* **Exercise brief**
Repeat the records in full and exactly, omitting pictures.
─── Data provided
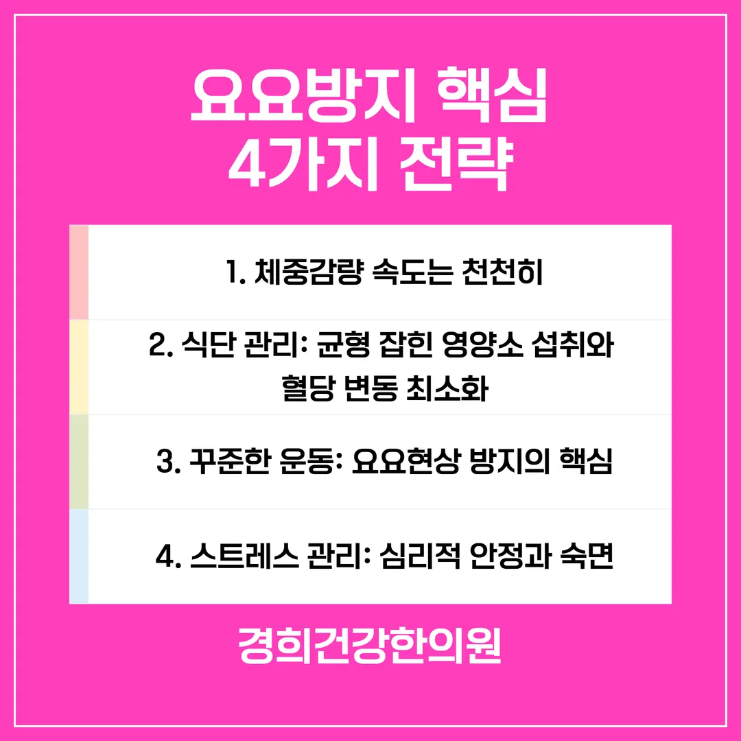 체중 감량은 많은 사람들에게 중요한 건강 목표지만, 다이어트 후 체중이 다시 증가하는 요요현상은 신체적, 정신적 건강에 부정적인 영향을 미칠 수 있습니다. 요요현상을 방지하기 위해서는 체중 감량 과정과 이후의 관리를 철저히 계획하고 실행해야 합니다. 여기서는 요요현상을 방지하는 네 가지 핵심 전략을 소개합니다.
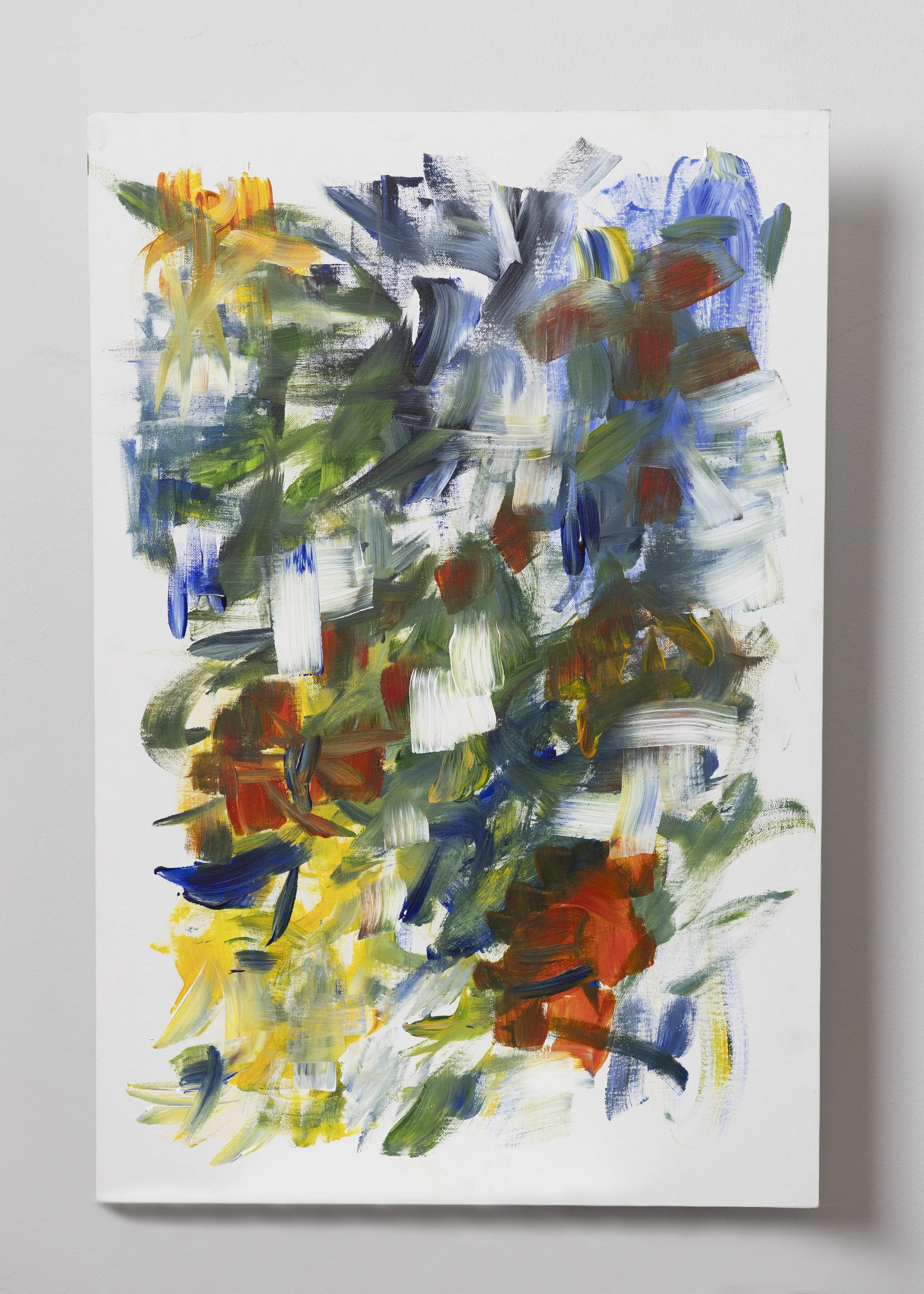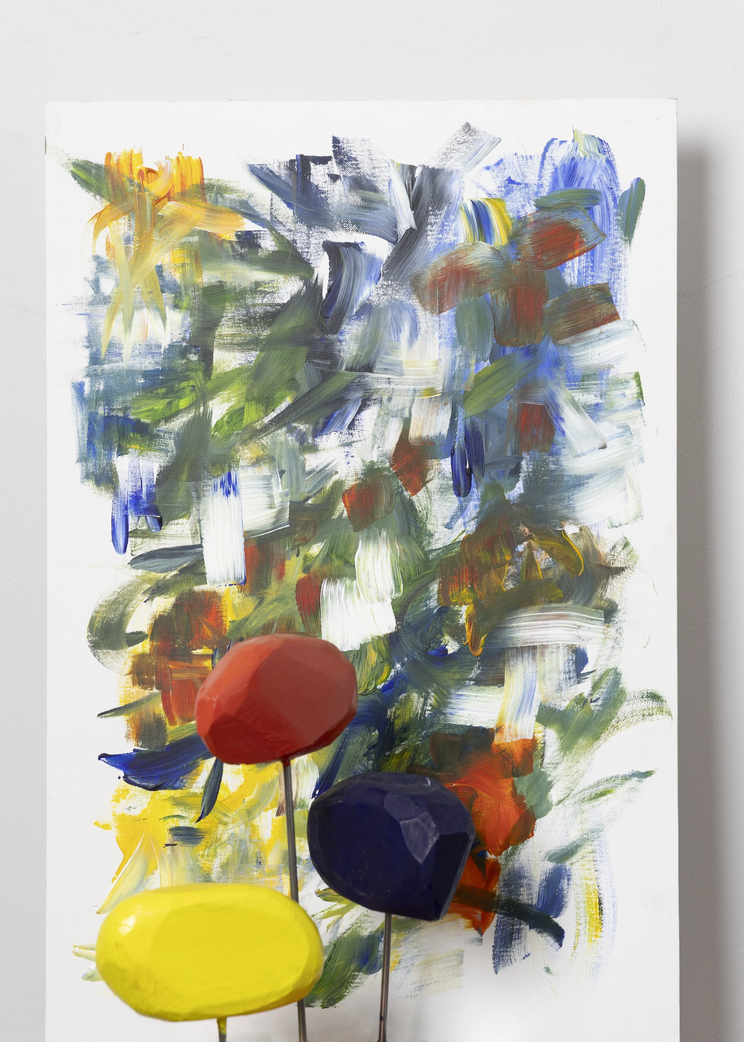 Gestural abstraction inspired by Joan Mitchell, reimagining flowers as energetic brushwork with accompanying carved wooden sculptures that pull forms off the canvas into physical space.
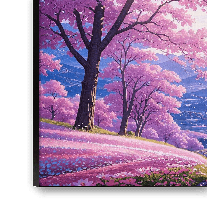 Sous un ciel parsemé d'étoiles et de traînées lumineuses, un imposant cerisier en fleurs se dresse en pleine floraison, ses pétales tombant en cascade comme des murmures d'éternité. Le chemin sinueux en contrebas conduit le regard vers des montagnes lointaines baignées d'une douce lumière, comme s'il guidait l'âme vers un royaume au-delà du temps. Petals of Eternity capture l'harmonie du ciel et de la terre, où les fleurs éphémères rencontrent les cieux infinis.
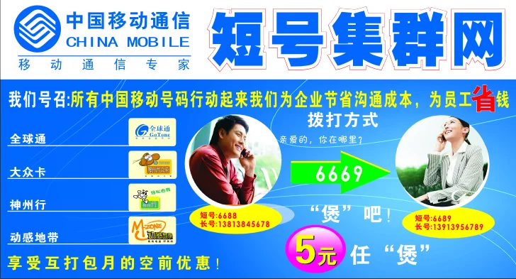 短号集群网业务是通过短号功能为广东移动各个市的全球通、神州行、且相落受动感地带、神州大众卡客户建立一个专用虚拟网,进行统来自一编号和组网,各品牌用户位础容蛋形额消置通过短号互拨享受24小时通话免费。(非本市卡米用户不能一起办理)。
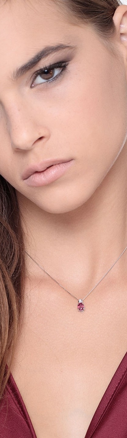 Damenkette aus Weißgold mit Rubin-Anhänger und Brillanten
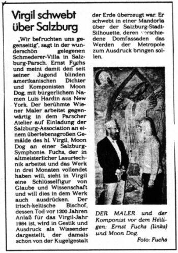 "Wir befruchten uns gegenseitig", sagt in der wunderschön gelegenen Schmederer-ViIla in Salzburg-Parsch Ernst Fuchs und meint damit den seit seiner Jugend blinden amerikanischen Dichter und Komponisten Moon Dog, mit bürgerlichem Namen Luis Hardin aus New York. Der berühmte Wiener Maler arbeitet gegenwärtig in dem Parscher Atelier auf Einladung der Salzburg-Association an einem überlebensgroßen Gemälde des hl. Virgil, Moon Dog an einer Salzburg-Symphonie. Fuchs, der in altmeisterlicher Lasurtechnik arbeitet und das Werk in drei Monaten vollendet haben will, sieht in Virgil eine Schlüsselfigur von Glaube und Wissenschaft und will dies in dem Werk auch ausdrücken. Der irisch-keltische Bischof, dessen Tod vor 1200 Jahren Anlaß für das Virgil-Jahr 1984 ist, wird in Gestik und Ausdruck als Wissender dargestellt, der damals schon von der Kugelgestalt der Erde überzeugt war. Er schwebt in einer Mandorla über der Salzburg-Stadt-Silhouette, deren verschiedene Domfassaden das Werden der Metropole zum Ausdruck bringen sollen.
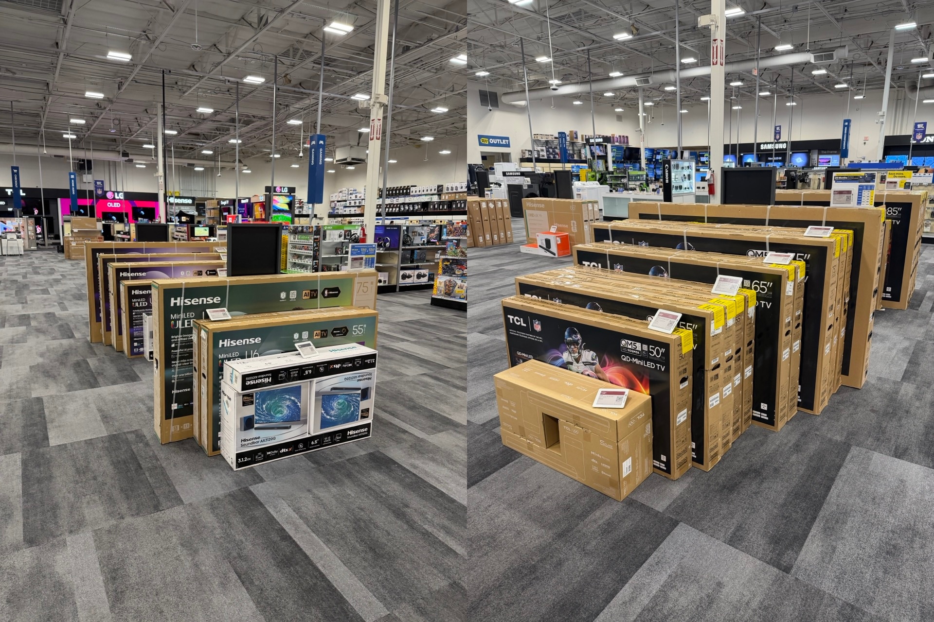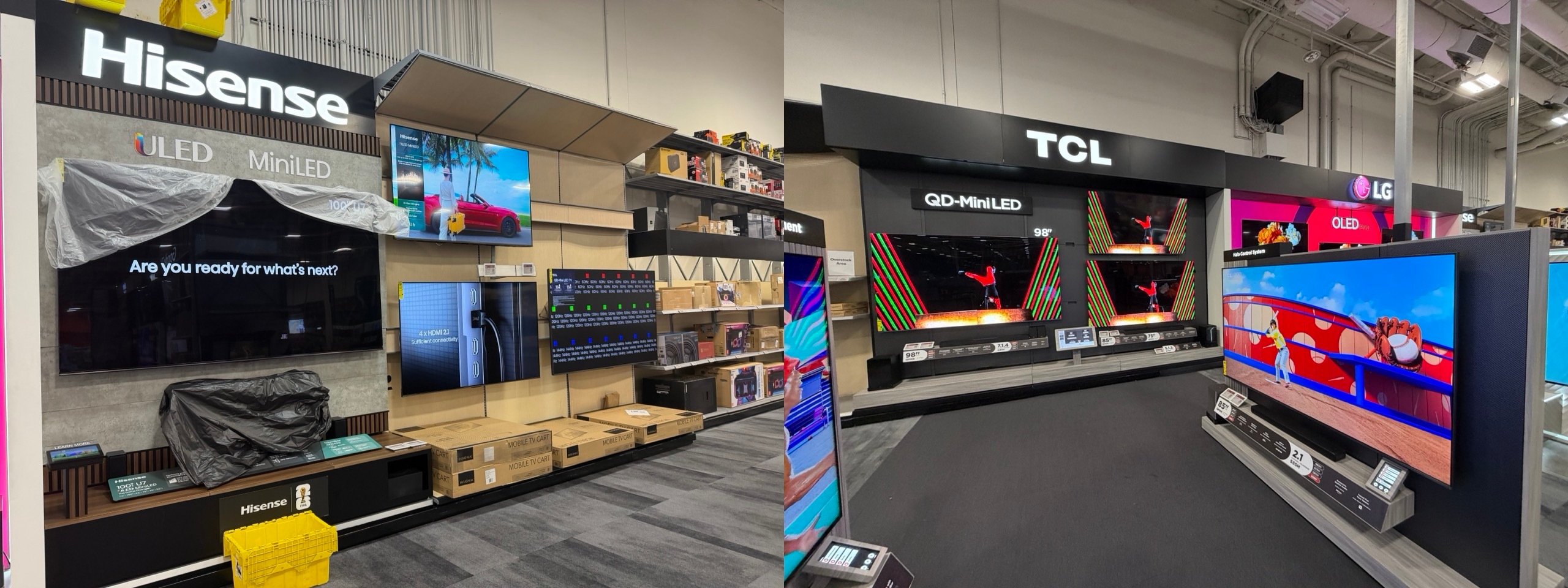 结果,很快就看到了中国品牌在这家百思买商场中的两个最大门面:海信和 TCL。
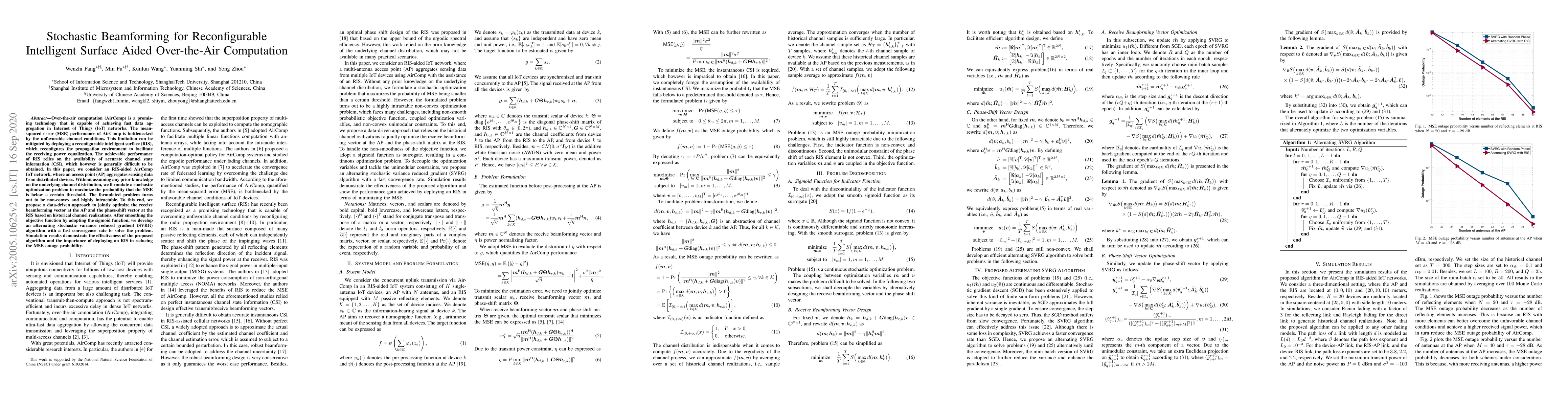 This paper proposes a stochastic optimization approach for reconfigurable intelligent surface (RIS) aided over-the-air computation in IoT networks, aiming to maximize the probability of mean-squared error (MSE) below a threshold. An alternating stochastic variance reduced gradient (SVRG) algorithm is developed to solve the non-convex problem, demonstrating reduced MSE outage probability through simulations.
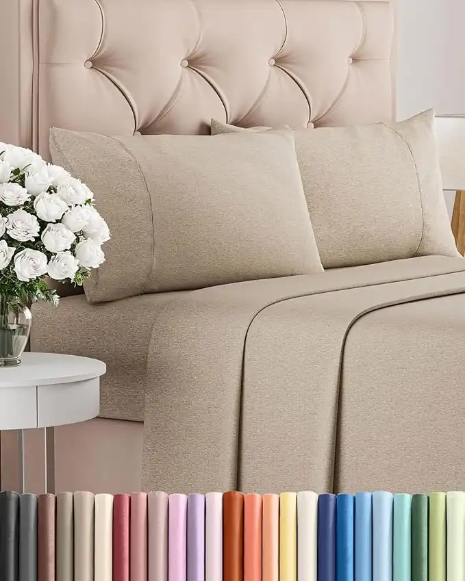 amazon.aeCalifornia King Size 4 Piece Bedding Sheet Set - Breathable & Cooling - Hotel Luxury Bed Sheets Set - Easy Fit - Soft, Wrinkle Free & Comfy Beige Heathered Oeko-Tex Bedding Sheets - Deep Pockets Set
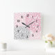 Relógio Quadrado Moderno Dahlia flores rosa e cinzas de cinza
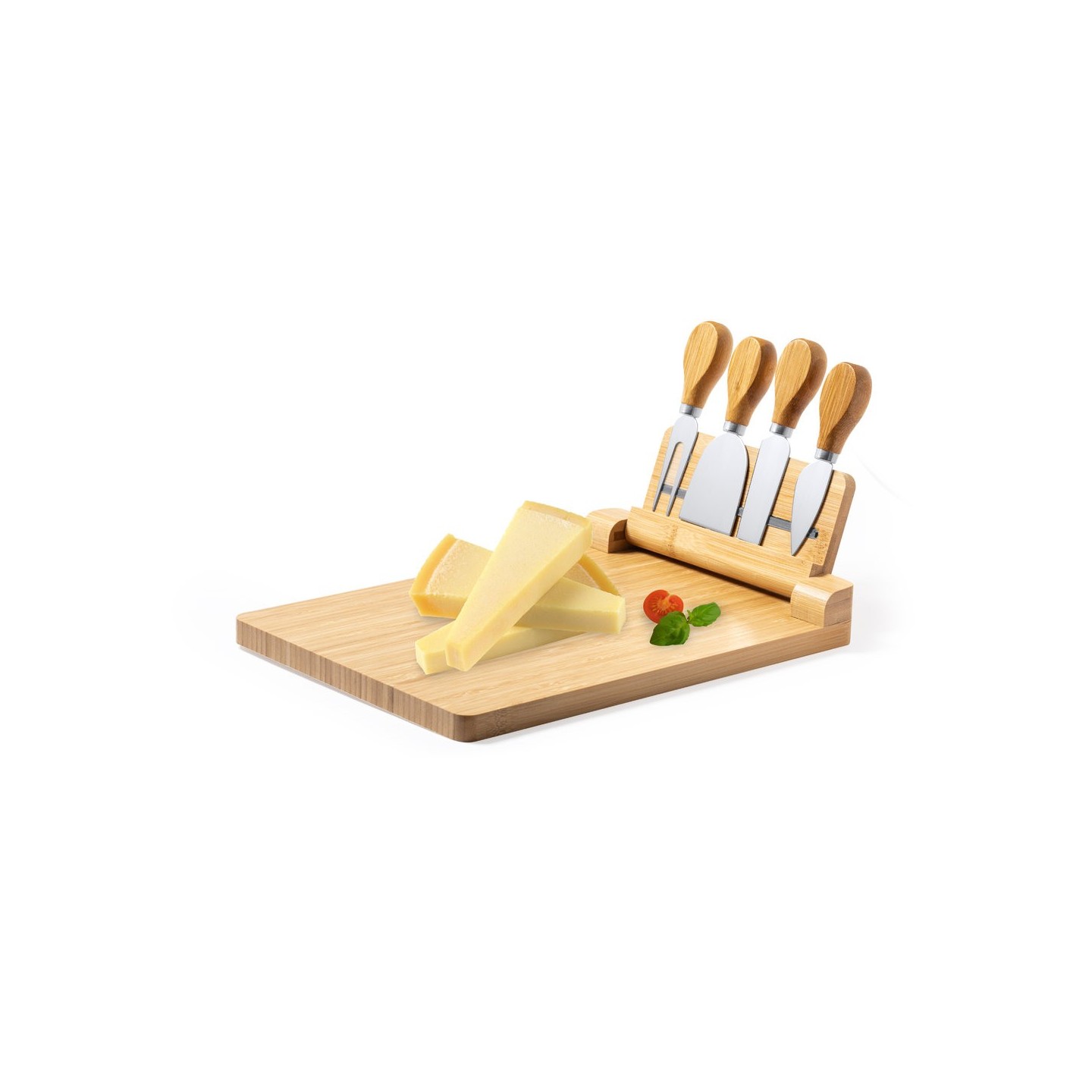 El Set Quesos Mildred trae una tabla de bambú, accesorios de acero inoxidable en elegante caja kraft. Regalo corporativo perfecto.
──────
* **Completed task**
 체중 감량은 많은 사람들에게 중요한 건강 목표지만, 다이어트 후 체중이 다시 증가하는 요요현상은 신체적, 정신적 건강에 부정적인 영향을 미칠 수 있습니다. 요요현상을 방지하기 위해서는 체중 감량 과정과 이후의 관리를 철저히 계획하고 실행해야 합니다. 여기서는 요요현상을 방지하는 네 가지 핵심 전략을 소개합니다.
 Gestural abstraction inspired by Joan Mitchell, reimagining flowers as energetic brushwork with accompanying carved wooden sculptures that pull forms off the canvas into physical space.
 Sous un ciel parsemé d'étoiles et de traînées lumineuses, un imposant cerisier en fleurs se dresse en pleine floraison, ses pétales tombant en cascade comme des murmures d'éternité. Le chemin sinueux en contrebas conduit le regard vers des montagnes lointaines baignées d'une douce lumière, comme s'il guidait l'âme vers un royaume au-delà du temps. Petals of Eternity capture l'harmonie du ciel et de la terre, où les fleurs éphémères rencontrent les cieux infinis.
 短号集群网业务是通过短号功能为广东移动各个市的全球通、神州行、且相落受动感地带、神州大众卡客户建立一个专用虚拟网,进行统来自一编号和组网,各品牌用户位础容蛋形额消置通过短号互拨享受24小时通话免费。(非本市卡米用户不能一起办理)。
 Damenkette aus Weißgold mit Rubin-Anhänger und Brillanten
 "Wir befruchten uns gegenseitig", sagt in der wunderschön gelegenen Schmederer-ViIla in Salzburg-Parsch Ernst Fuchs und meint damit den seit seiner Jugend blinden amerikanischen Dichter und Komponisten Moon Dog, mit bürgerlichem Namen Luis Hardin aus New York. Der berühmte Wiener Maler arbeitet gegenwärtig in dem Parscher Atelier auf Einladung der Salzburg-Association an einem überlebensgroßen Gemälde des hl. Virgil, Moon Dog an einer Salzburg-Symphonie. Fuchs, der in altmeisterlicher Lasurtechnik arbeitet und das Werk in drei Monaten vollendet haben will, sieht in Virgil eine Schlüsselfigur von Glaube und Wissenschaft und will dies in dem Werk auch ausdrücken. Der irisch-keltische Bischof, dessen Tod vor 1200 Jahren Anlaß für das Virgil-Jahr 1984 ist, wird in Gestik und Ausdruck als Wissender dargestellt, der damals schon von der Kugelgestalt der Erde überzeugt war. Er schwebt in einer Mandorla über der Salzburg-Stadt-Silhouette, deren verschiedene Domfassaden das Werden der Metropole zum Ausdruck bringen sollen.
 结果,很快就看到了中国品牌在这家百思买商场中的两个最大门面:海信和 TCL。
 This paper proposes a stochastic optimization approach for reconfigurable intelligent surface (RIS) aided over-the-air computation in IoT networks, aiming to maximize the probability of mean-squared error (MSE) below a threshold. An alternating stochastic variance reduced gradient (SVRG) algorithm is developed to solve the non-convex problem, demonstrating reduced MSE outage probability through simulations.
 amazon.aeCalifornia King Size 4 Piece Bedding Sheet Set - Breathable & Cooling - Hotel Luxury Bed Sheets Set - Easy Fit - Soft, Wrinkle Free & Comfy Beige Heathered Oeko-Tex Bedding Sheets - Deep Pockets Set
 Relógio Quadrado Moderno Dahlia flores rosa e cinzas de cinza
 El Set Quesos Mildred trae una tabla de bambú, accesorios de acero inoxidable en elegante caja kraft. Regalo corporativo perfecto.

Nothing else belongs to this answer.